Some issues found in the Ensemble gold standard data set:

  • The gold standard is not completed from the brat annotation:
    • As for the non-word gold standard, there are 7 annotations that does not have the corrected spelling. The original program does not change these annotated text at all.
      	- Warning: no tarTxt: 62|T1|ToMerge|173|182|T_OK|life long|
      	- Warning: no tarTxt: 14514|T9|ToMerge|334|341|T_OK|my selp|
      	- Warning: no tarTxt: 16823|T2|ToMerge|36|46|T_OK|After noon|
      	- Warning: no tarTxt: 18203|T1|ToSplit|60|71|T_OK|PTHrPeptide|
      	- Warning: no tarTxt: 11665|T1|Misspelling|90|96|T_OK|Btensl|
      	- Warning: no tarTxt: 15759|T22|Misspelling|366|376|T_OK|depresants|
      	
    • A new program is developed to generate the gold-standard to check the algorithm. The results show 5 files with 6 differences. They are:
      • Unicode: 4 files with 5 differences (11199.txt, 12085.txt, 12624.txt, 13090.txt)
        =>This is FP because the diff does not handle Unicode well and the baseline does not use UTF-8.
      • extra space: 1 file (73.txt)
    • nonWord.diff.txt
  • The program used to calculate the Precision/recall and F1 seems not work 100% correct. Here are some observed issue (use non-word for example):
    • There are 851 annotation tags from brat for non-word gold standard (misspell, merge, split, punctuation). However, only 814 total relevant (TP + FN) from the program.

    • Use 2.txt as example, here are 4 difference:
      • 2|T2|Punctuation|1423|1432|Thank-you|Thank you
        => Included with other tags:
        2|T20|ToSplit|1414|1432|anorexia?Thank-you|anorexia? Thank you

      • 2|T12|ToSplit|831|844|anorexia?8) |anorexia? 8)
      • 2|T10|Misspelling|773|781|year?(in|year? (in
      • 2|T9|ToSplit|701|712|anorexia?6)|anorexia? 6)
        Anything with '?' are not calculated?? (bug?)
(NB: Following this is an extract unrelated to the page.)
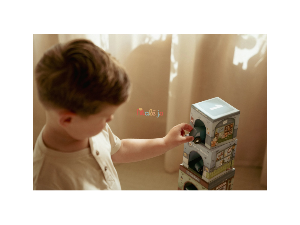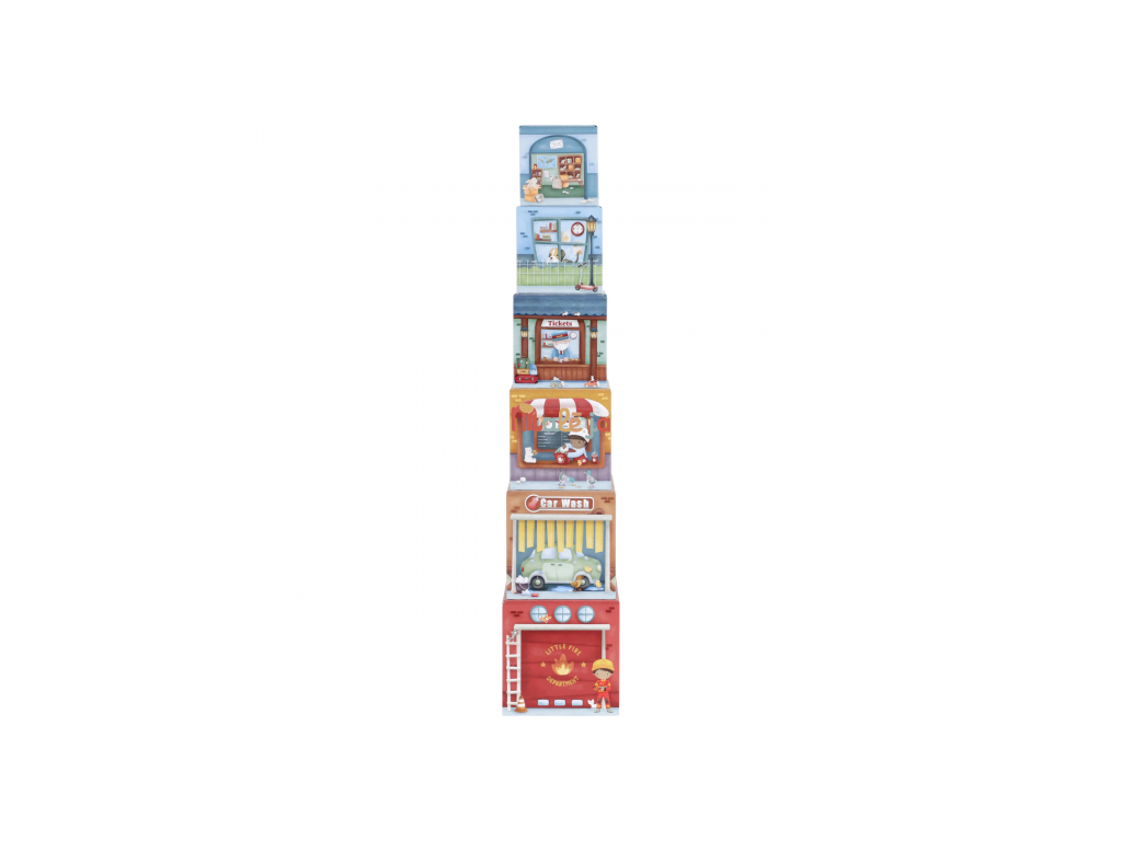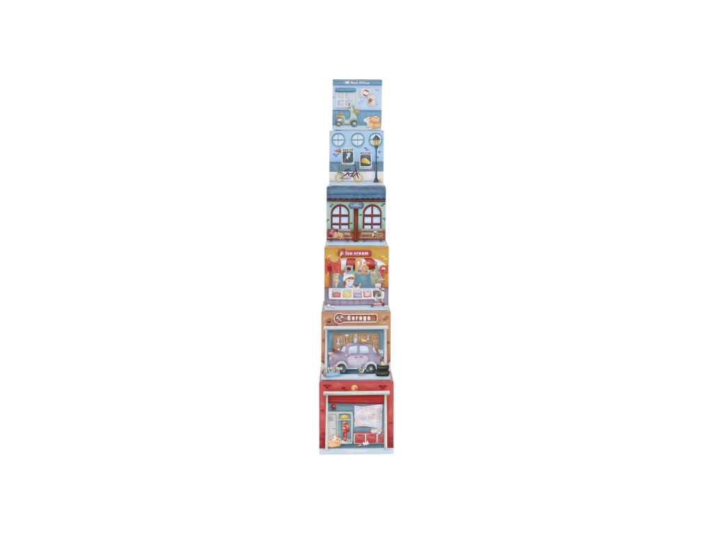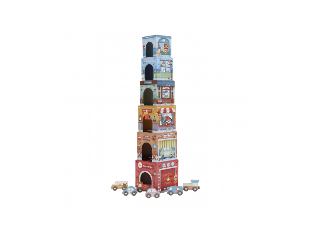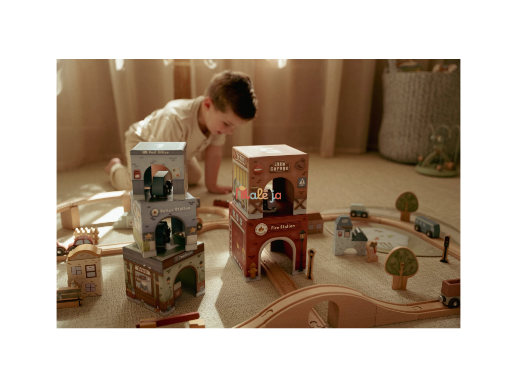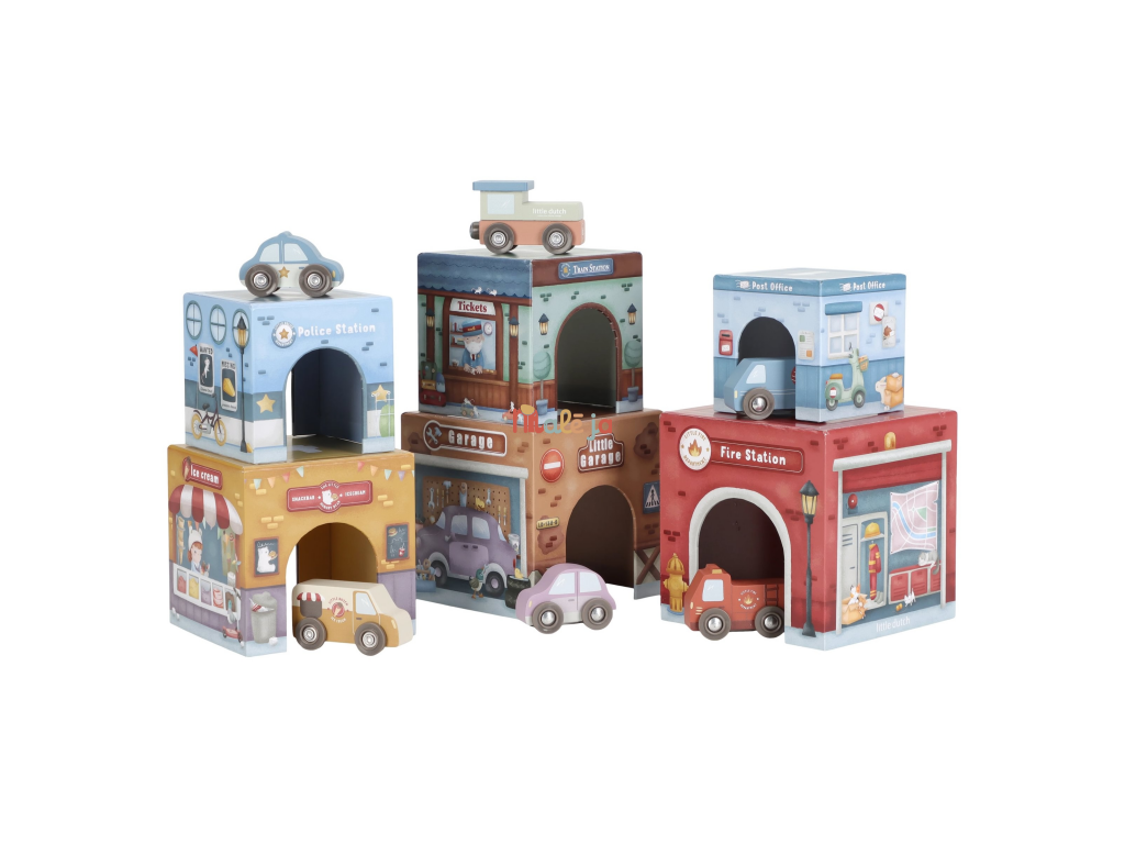 Stavať, objavovať a hrať sa! Táto nápaditá sada Little Duch obsahuje šesť ilustrovaných kartónových kociek rôznych veľkostí, ktoré predstavujú budovy ako požiarnu stanicu, garáž alebo poštu - ak nim 6 drevených vozidiel, patriacich k jednotlivým budovám.

      ================= Not Included ==================
      2|T12|ToSplit|831|844|anorexia?8)  |anorexia? 8)
      2|T10|Misspelling|773|781|year?(in|year? (in
      2|T9|ToSplit|701|712|anorexia?6)|anorexia? 6)
      ================= Included by other tag T20 =========
      2|T2|Punctuation|1423|1432|Thank-you|Thank you
      ================== TP ==================
      2|T11|ToSplit|791|796|7)How|7) How
      2|T18|ToSplit|1257|1263|14)Who|14) Who
      2|T13|ToSplit|910|915|9)Can|9) Can
      2|T4|ToSplit|433|440|1)Where|1) Where
      2|T17|ToSplit|1203|1209|13)Why|13) Why
      2|T15|ToSplit|1054|1061|11)What|11) What
      2|T14|ToSplit|978|984|10)How|10) How
      2|T5|ToSplit|477|483|2)When|2) When
      2|T19|ToSplit|1352|1358|one(or|one (or
      2|T16|ToSplit|1137|1143|12)Are|12) Are
      2|T8|ToSplit|675|681|5)What|5) What
      2|T7|ToSplit|617|623|4)What|4) What
      2|T6|ToSplit|536|541|3)Why|3) Why
      ==================== FN ==================
      2|T3|Misspelling|107|116|year-long|yearlong
      2|T20|ToSplit|1414|1432|anorexia?Thank-you|anorexia? Thank you
      2|T1|Misspelling|311|323|MedicinePlus|MedlinePlus
      

    • The non-word gold-std should have 834 total relevant:
      • misspell tags no: 436
      • split tags no: 312
      • merge tags no: 45
      • punctuation tags no: 58

      • duplicated tag by contain (not contain by real-word or grammatical: 17)
        	2|T2|Punctuation|1423|1432|T_C_T20|Thank-you|Thank you
        	23|T5|Misspelling|255|258|T_C_T4|plz|please
        	11186|T19|Misspelling|522|525|T_C_T5|pls|please
        	11186|T9|Misspelling|360|367|T_C_T16|SEGMENS|SEGMENTS
        	11243|T4|Misspelling|51|55|T_C_T1|neef|need
        	11243|T2|Misspelling|42|51|T_C_T1|menimgtis|meningitis
        	12235|T1|Misspelling|80|88|T_C_T8|treatmet|treatment
        	13347|T7|Misspelling|137|140|T_C_T3|plz|please
        	14514|T7|Misspelling|337|341|T_C_T9|selp|self
        	15759|T22|Misspelling|366|376|T_C_T1|depresants|
        	16481|T8|Misspelling|421|425|T_C_T5|anyt|any
        	17170|T5|ToMerge|138|143|T_C_T8|i 'll|. i'll
        	17170|T4|Misspelling|130|136|T_C_T8|"|"
        	17740|T12|Misspelling|429|437|T_C_T6|treament|treatment
        	17757|T9|Punctuation|692|695|T_C_T8|etc|etc.
        	18341|T9|Punctuation|168|171|T_C_T4|etc|etc.
        	18341|T3|ToMerge|122|134|T_C_T7|cryo surgery|cryosurgery
        	

      • non-word no: 436 + 312 + 45 + 58 - 17 = 834 (not 814, number from baseline??)